Salon-de-Provence : la ville qui se raconte à voix basse

Entre Nostradamus, l’École de l’Air et les meilleures olives du monde — portrait d’une ville discrète qui mérite qu’on s’y arrête vraiment

✦ Mots-clés : Salon-de-Provence visiter, Nostradamus Salon, château Empéri Salon, olives Salon-de-Provence, savon Marius Fabre Salon, que faire Salon-de-Provence

Salon-de-Provence est une ville injustement ignorée. Elle n’est pas sur la route des grands circuits touristiques — pas assez proche d’Aix pour être dans son orbite, pas assez proche de la mer pour être dans celle de Marseille. Elle est là, entre les deux, dans la plaine de la Crau, avec ses fontaines qui coulent dans un silence que les grandes villes ont perdu, ses ruelles moyenâgeuses autour du château de l’Empéri, et cette qualité particulière des villes qui n’essaient pas de plaire — qui ont leur vie propre, leurs habitudes, leurs saisons, et qui accueillent les visiteurs sans tout mettre en scène.

Cette discrétion est sa force. Salon vous surprend à chaque angle parce qu’elle ne vous a rien annoncé. Elle est le meilleur exemple de la Provence non-touristique — une ville réelle, habitée, avec ses marchés vrais et ses cafés de quartier, qui a des choses remarquables à raconter à qui prend le temps d’écouter.

Nostradamus et le château de l’Empéri

Michel de Nostredame — Nostradamus — vécut à Salon-de-Provence de 1547 jusqu’à sa mort en 1566. C’est ici qu’il écrivit ses Centuries, ce recueil de quatrains prophétiques qui continue de fasciner le monde entier cinq siècles plus tard. Sa maison, transformée en musée, est une de ces visites qui ne déçoivent jamais : les pièces reconstitués, les flacons d’apothicaire, les instruments astronomiques de l’époque créent une atmosphère d’époque saisissante. La ville a su honorer ce fils adoptif illustre sans en faire un cirque touristique.

Le château de l’Empéri est l’un des plus beaux châteaux médiévaux de Provence — et l’un des moins connus. Résidence des archevêques d’Arles depuis le Xe siècle, il domine la ville de ses tours imposantes depuis un éperon rocheux. Il abrite aujourd’hui le Musée de l’Empéri, consacré à l’histoire militaire française de Louis XIV à 1918 — l’une des plus importantes collections françaises dans ce domaine, avec des milliers de pièces d’uniformes, d’armes et d’équipements militaires d’une qualité muséographique remarquable.

L’olivier, l’école de l’air et la ville vraie

Salon-de-Provence est aussi la capitale française de l’olive confite — ces olives marinées dans l’huile aux herbes que l’on trouve sur tous les marchés de Provence mais dont les meilleures viennent de la plaine de la Crau. Les herbes fraîches de la Crau, l’huile d’olive des moulins locaux et les olives cultivées depuis des siècles sur les terrasses de la plaine donnent des produits d’une qualité que peu d’autres régions peuvent atteindre.
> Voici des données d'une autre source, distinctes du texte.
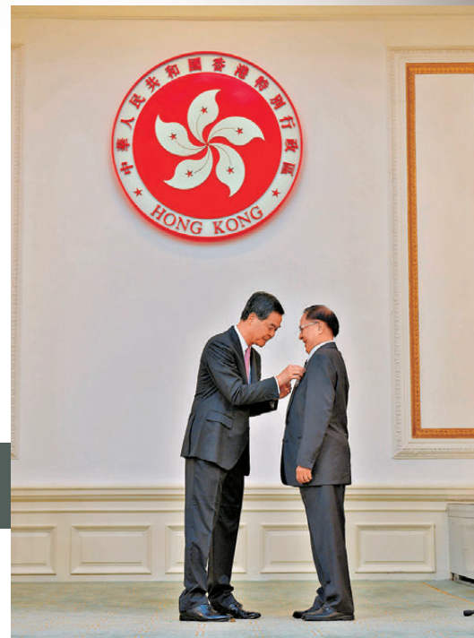
●鍾景輝於2013年獲頒授銀紫荊星章。

香港戲劇界殿堂級大師鍾景輝昨早在家中安詳離世，享年89歲。被尊稱為「King Sir」的鍾景輝是演員、導演、戲劇教育家及電視製作人，活躍於舞台劇、電視與電影領域，作品多不勝數。教學方面，鍾景輝倡議開辦藝員訓練班課程，並親任首四期導師，更擔任香港演藝學院戲劇學院創院院長。從舞台到教室，從幕前到幕後，King Sir以大半生心血澆灌香港戲劇土壤，築起香港戲劇基石，成就無數後起之秀。大師安然謝幕，演藝界滿載哀思，眾多門生與影迷緬懷其風骨與恩澤。

La Patrouille de France, la prestigieuse escadre de voltige aérienne de l’armée française, est basée à la Base Aérienne 701 de Salon-de-Provence. Plusieurs fois par an, les Alpha Jet de la patrouille s’entraînent au-dessus de la ville et de la Crau dans des figures qui font lever les yeux de tout le monde — tracteurs dans les champs, clients des terrasses de café, piétons sur le cours Victor Hugo.

Le marché de Salon, le mercredi et le samedi matin sur le cours Victor Hugo et la place Morgan, est l’un des meilleurs de la région pour ses produits locaux — les olives et les olivades de la Crau, bien sûr, mais aussi les légumes des maraîchers de la plaine, les fromages de brebis des élevages des Alpilles, les miels des apiculteurs du pays. Un marché qui sert les habitants d’abord — et ça se voit dans la qualité.
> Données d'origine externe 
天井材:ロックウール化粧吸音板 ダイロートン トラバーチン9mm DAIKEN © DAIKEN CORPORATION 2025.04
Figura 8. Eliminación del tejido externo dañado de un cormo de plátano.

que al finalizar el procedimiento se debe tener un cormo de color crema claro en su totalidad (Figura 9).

🌿 Anecdote — Nostradamus, avant d’être prophète, était médecin et apothicaire. À Salon, il soigna plusieurs épidémies de peste avec des remèdes à base de plantes — dont la fameuse pilule contre la peste qu’il fabriquait avec des roses séchées, du cyprès et d’autres aromates. Les historiens de la médecine ont noté que ses conseils d’hygiène — se laver les mains, aérer les pièces, isoler les malades — étaient remarquablement en avance sur son époque. Nostradamus était peut-être un meilleur médecin qu’un prophète.